PROBLEM TO WORK ON: Print exactly the lines below between the line containing "Gucci Ghost Calfskin" and the line containing "11月6日哈尔滨迎来暴雪天气", counting both of those lines. Leave pictures out.

PROVIDED MATERIAL:
::::::::

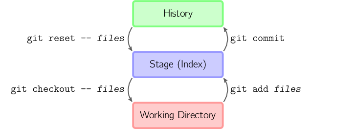 git checkout – files把文件从暂存区域复制到工作目录,用来丢弃本地修改。
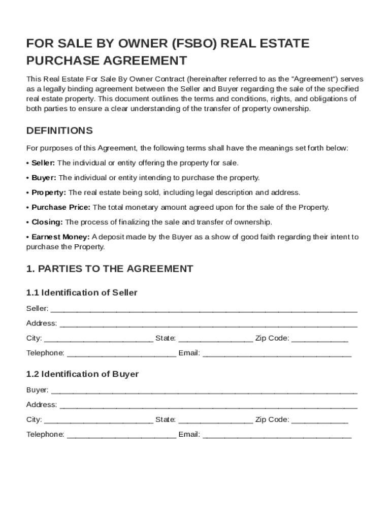 Comprehensive Guide to Real Estate For Sale By Owner Contract Template
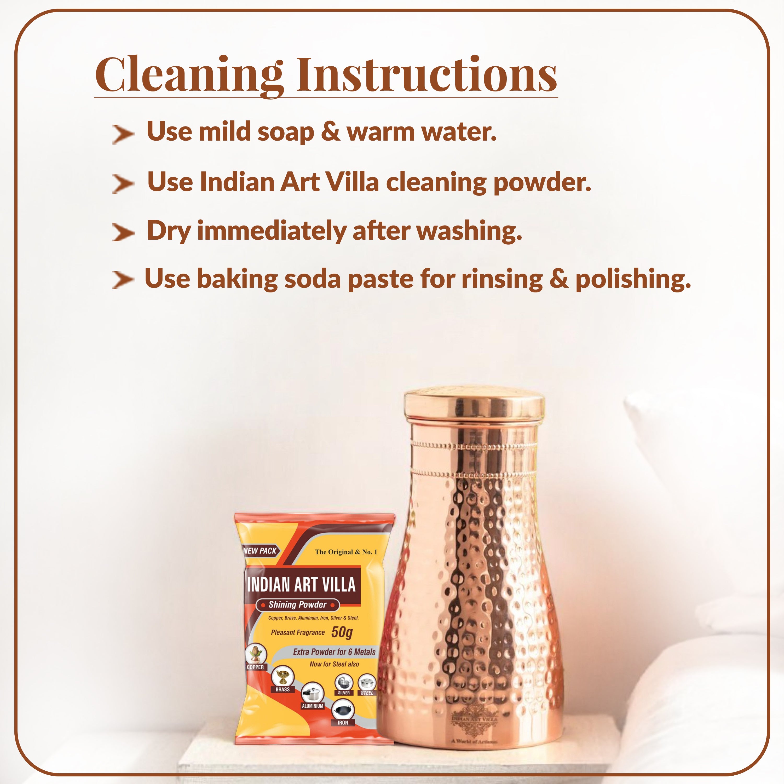 Every product comes with Indian Art Villa’s sample cleaning powder and a How-to-Use & Care Instruction Booklet, ensuring long-lasting shine and proper maintenance.
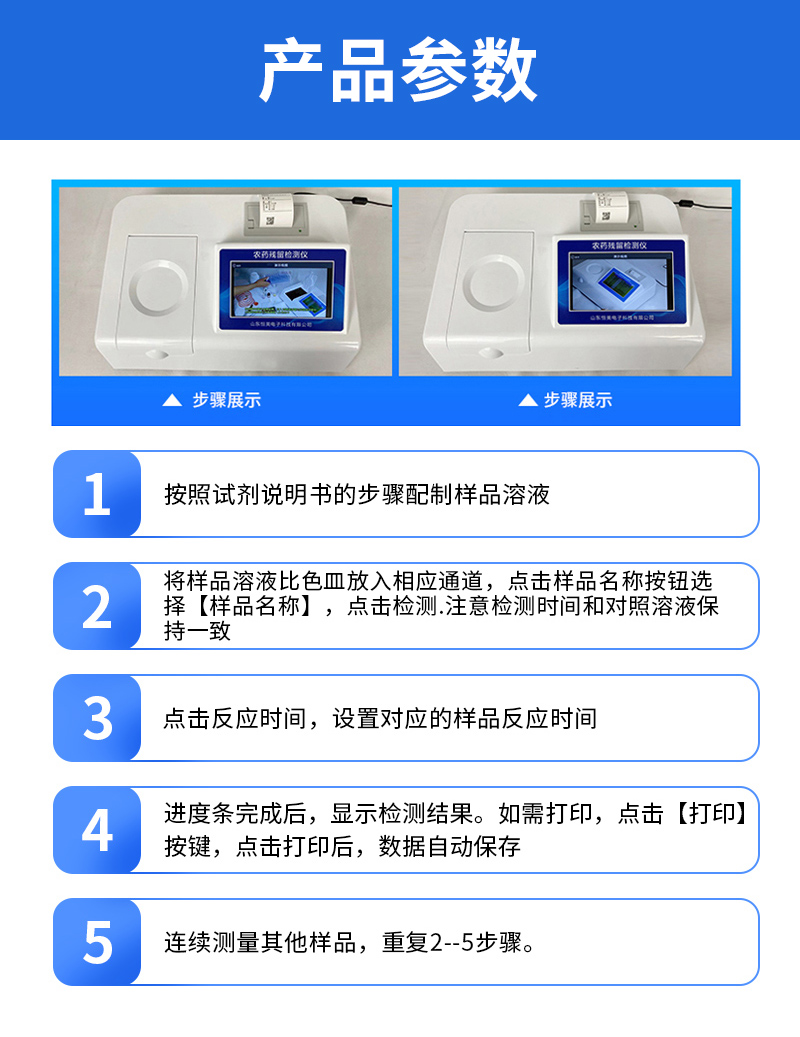| 乙酰膽堿酯酶和丁酰膽堿酯酶試劑均可以使用,符合國家標(biāo)準(zhǔn)和農(nóng)業(yè)部標(biāo)準(zhǔn)的要求。 | 自動(dòng)判斷樣品是否合格,檢測(cè)結(jié)果更加直觀。 | 儀器具有100多種蔬菜名稱菜單庫,分類管理,并可按需添加或刪除蔬菜名,編輯蔬菜名稱,可直接打印出蔬菜名稱。 | 檢測(cè)通道:10個(gè)檢測(cè)通道,可以同時(shí)測(cè)試多個(gè)樣品,循環(huán)檢測(cè),即放即檢,每個(gè)樣品由程序控制分別獨(dú)立工作,不會(huì)互相干擾。 | 智能操作系統(tǒng),采用更加人性化操作,主控采用多核處理器,主頻1.88Ghz,運(yùn)轉(zhuǎn)速度更快速,穩(wěn)定性更強(qiáng)。 | 顯示方式:7英寸高靈敏真彩觸摸屏顯示,人性化中文操作界面,讀數(shù)直觀、簡(jiǎn)單。 | 打印機(jī)采用串口5v打印,可選擇手動(dòng)打印或者自動(dòng)打印,三分鐘出打印結(jié)果,打印格式為檢測(cè)人姓名、吸光度差值、檢測(cè)時(shí)間、檢測(cè)機(jī)構(gòu)、樣品名稱及結(jié)果判定。 | 光源采用進(jìn)口超高亮發(fā)光二極管,具有低功耗、高精度、穩(wěn)定性強(qiáng)、光源可控可以關(guān)掉不使用的光源,響應(yīng)速度快等優(yōu)點(diǎn)。 | 智能恒流穩(wěn)壓,光強(qiáng)自動(dòng)校準(zhǔn),長(zhǎng)時(shí)間連續(xù)工作光源無溫漂現(xiàn)象。 | 儀器具有GPRS遠(yuǎn)傳功能,可插手機(jī)卡實(shí)現(xiàn)數(shù)據(jù)遠(yuǎn)傳平臺(tái),wifi聯(lián)網(wǎng)功能,可將數(shù)據(jù)快速上傳電腦,進(jìn)行數(shù)據(jù)管理與統(tǒng)計(jì)。 | 采用USB2.0接口設(shè)計(jì),方便數(shù)據(jù)的存貯和移動(dòng),并可隨時(shí)與計(jì)算機(jī)直接相連,并且可用計(jì)算機(jī)控制儀器。實(shí)現(xiàn)數(shù)據(jù)查詢、瀏覽、分析、統(tǒng)計(jì)、打印等。 | 智能化程度高,儀器具有自檢功能:具有開機(jī)自檢和調(diào)零功能,具有自動(dòng)檢測(cè)重復(fù)性功能 | 儀器具有自身保護(hù)功能,可設(shè)置用戶名及密碼,防止非工作人員操作等。 | 采用DC12v直流供電,安全系統(tǒng)更高,并且配備6A鋰電池充電器。 | 儀器具有重新校準(zhǔn)、鎖定、恢復(fù)出廠設(shè)置功能。 |
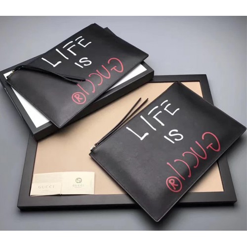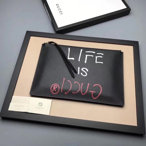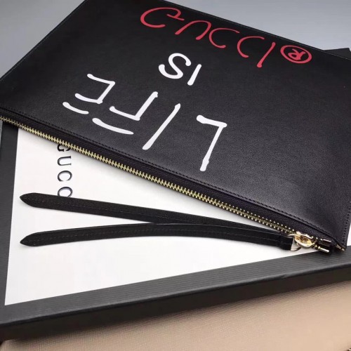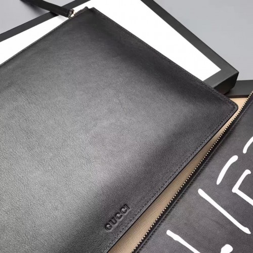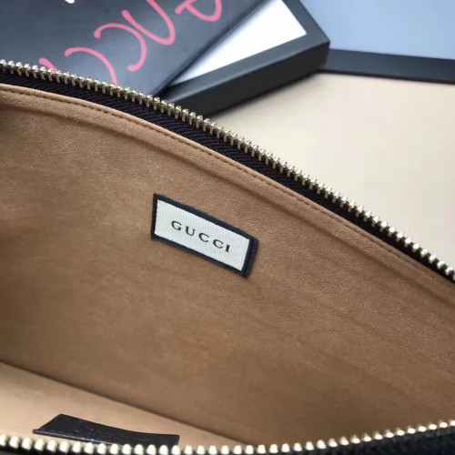 Gucci Ghost Calfskin Leather Letter Print Zip Pouch 457010 Black 2017
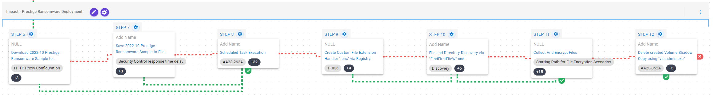 In addition to the released assessment template, AttackIQ recommends the following scenario to extend the emulation of the capabilities exhibited by Prestige ransomware.
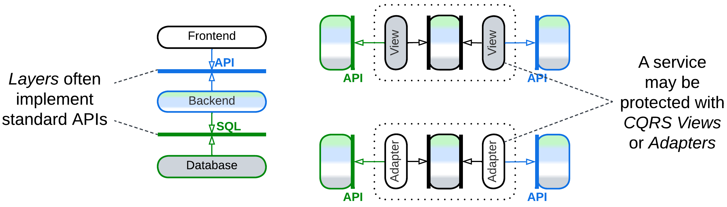 - A service may follow the concept of Hexagonal Architecture by using an Anti-Corruption Layer [DDD] or CQRS Views [MP] as Adapters that protect it from changes in other system components.
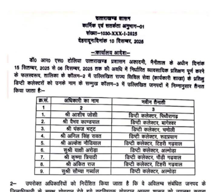 डॉ० आर० एस० टोलिया उत्तराखण्ड प्रशासन अकादमी, नैनीताल के अधीन दिनांक 15 सितम्बर, 2025 से 06 दिसम्बर, 2025 तक की अवधि में निर्धारित व्यावसायिक प्रशिक्षण पूर्ण करने के फलस्वरूप, तालिका के कॉलम-2 में उल्लिखित राज्य सिविल सेवा (कार्यकारी शाखा) के प्रशिक्षु डिप्टी कलेक्टरों को उनके नाम के सम्मुख कॉलम-3 में उल्लिखित जनपदों में निम्नानुसार तैनात किया जाता है:-
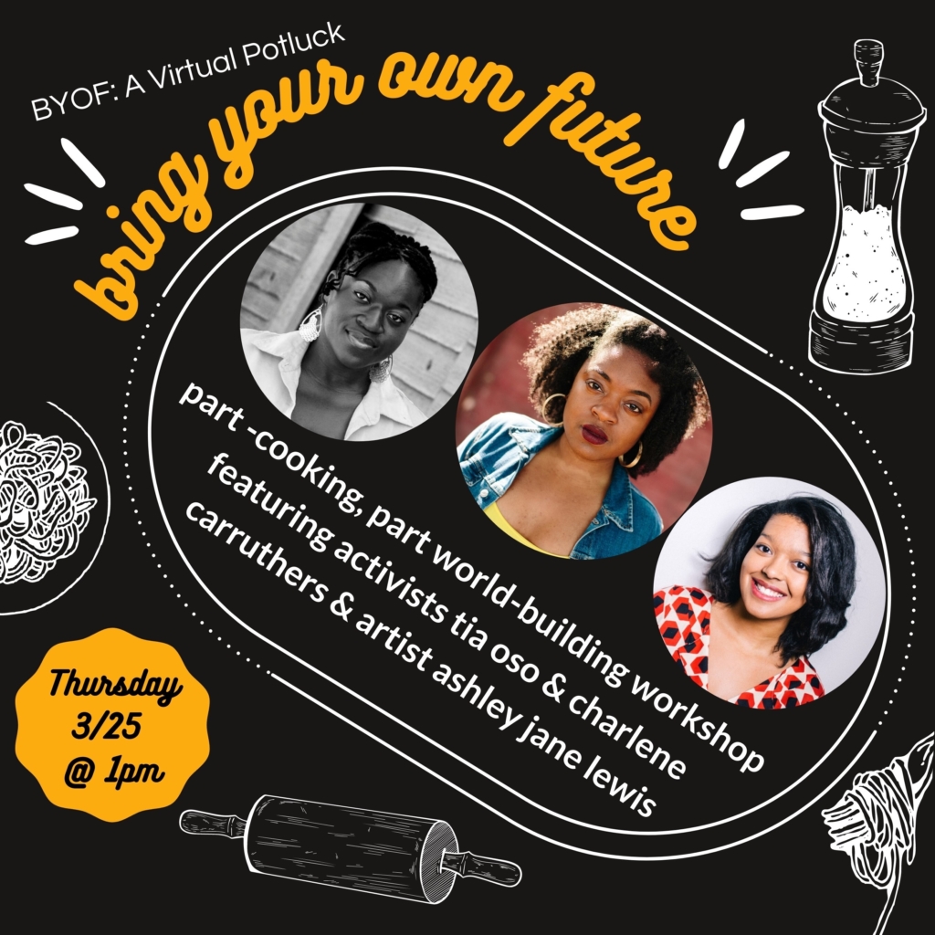 us dream of healthier futures and heal our past? Part-cooking class, part-world-building, join activists Charlene Carruthers and Tia Oso and artist Ashley Jane Lewis in this event to unlock new futures through food (and eating) inspired by the Black diaspora. Curated by Intelligent Mischief.
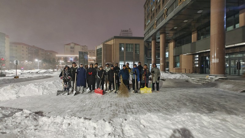 11月6日哈尔滨迎来暴雪天气。理学楼前积雪给师生们的出行带来了许多不便。寒风为号雪为令,太阳成集团tyc97282211102团支部开展理学楼前铲雪活动,清理积雪、方便师生安全出行。
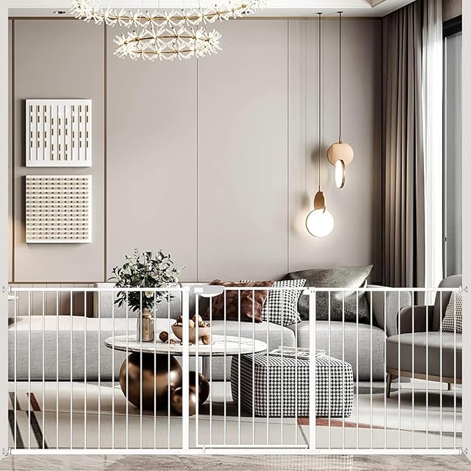- [Multiple Placement] Extra Wide Baby Gate Walk Thru Safety Gate stands 29.92 inches tall. It can expand to fit openings between 31 and 86 inches wide. We offer a wide range of sizes for you to choose from. The product contains different size of extension kits, with different combinations, suitable for many scenarios like stairs, doorways and so on. The specific accessories included in each size are shown in the pictures. Please be sure to measure the opening properly before purchase.
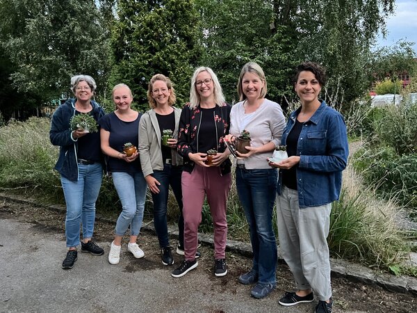 Foto anlässlich Teamevent im August 2025 (v.l.): Beatrice Buschor (25 Jahre), Jesika Wildhaber, Aline Keel, Monika Strebel (Vermittlerinnen), Marianne Sonderegger, Deborah Frei
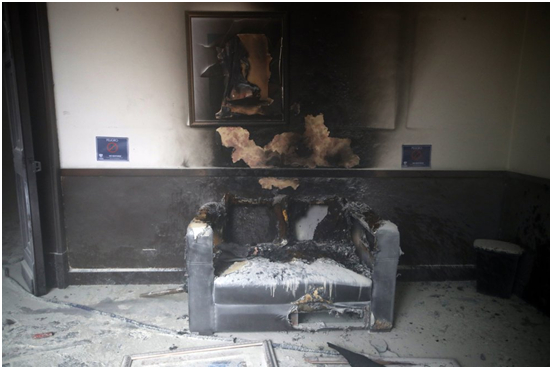 社交媒体上流传的视频显示,火焰从国会大楼的一扇窗户内喷出。俄罗斯卫星通讯社还提到,国会大楼的部分区域也被涂鸦覆盖。关于国会大楼的损毁情况,美联社称,大楼的破坏程度尚不清楚。

::::::::

THE ANSWER:
 Gucci Ghost Calfskin Leather Letter Print Zip Pouch 457010 Black 2017
 In addition to the released assessment template, AttackIQ recommends the following scenario to extend the emulation of the capabilities exhibited by Prestige ransomware.
 - A service may follow the concept of Hexagonal Architecture by using an Anti-Corruption Layer [DDD] or CQRS Views [MP] as Adapters that protect it from changes in other system components.
 डॉ० आर० एस० टोलिया उत्तराखण्ड प्रशासन अकादमी, नैनीताल के अधीन दिनांक 15 सितम्बर, 2025 से 06 दिसम्बर, 2025 तक की अवधि में निर्धारित व्यावसायिक प्रशिक्षण पूर्ण करने के फलस्वरूप, तालिका के कॉलम-2 में उल्लिखित राज्य सिविल सेवा (कार्यकारी शाखा) के प्रशिक्षु डिप्टी कलेक्टरों को उनके नाम के सम्मुख कॉलम-3 में उल्लिखित जनपदों में निम्नानुसार तैनात किया जाता है:-
 us dream of healthier futures and heal our past? Part-cooking class, part-world-building, join activists Charlene Carruthers and Tia Oso and artist Ashley Jane Lewis in this event to unlock new futures through food (and eating) inspired by the Black diaspora. Curated by Intelligent Mischief.
 11月6日哈尔滨迎来暴雪天气。理学楼前积雪给师生们的出行带来了许多不便。寒风为号雪为令,太阳成集团tyc97282211102团支部开展理学楼前铲雪活动,清理积雪、方便师生安全出行。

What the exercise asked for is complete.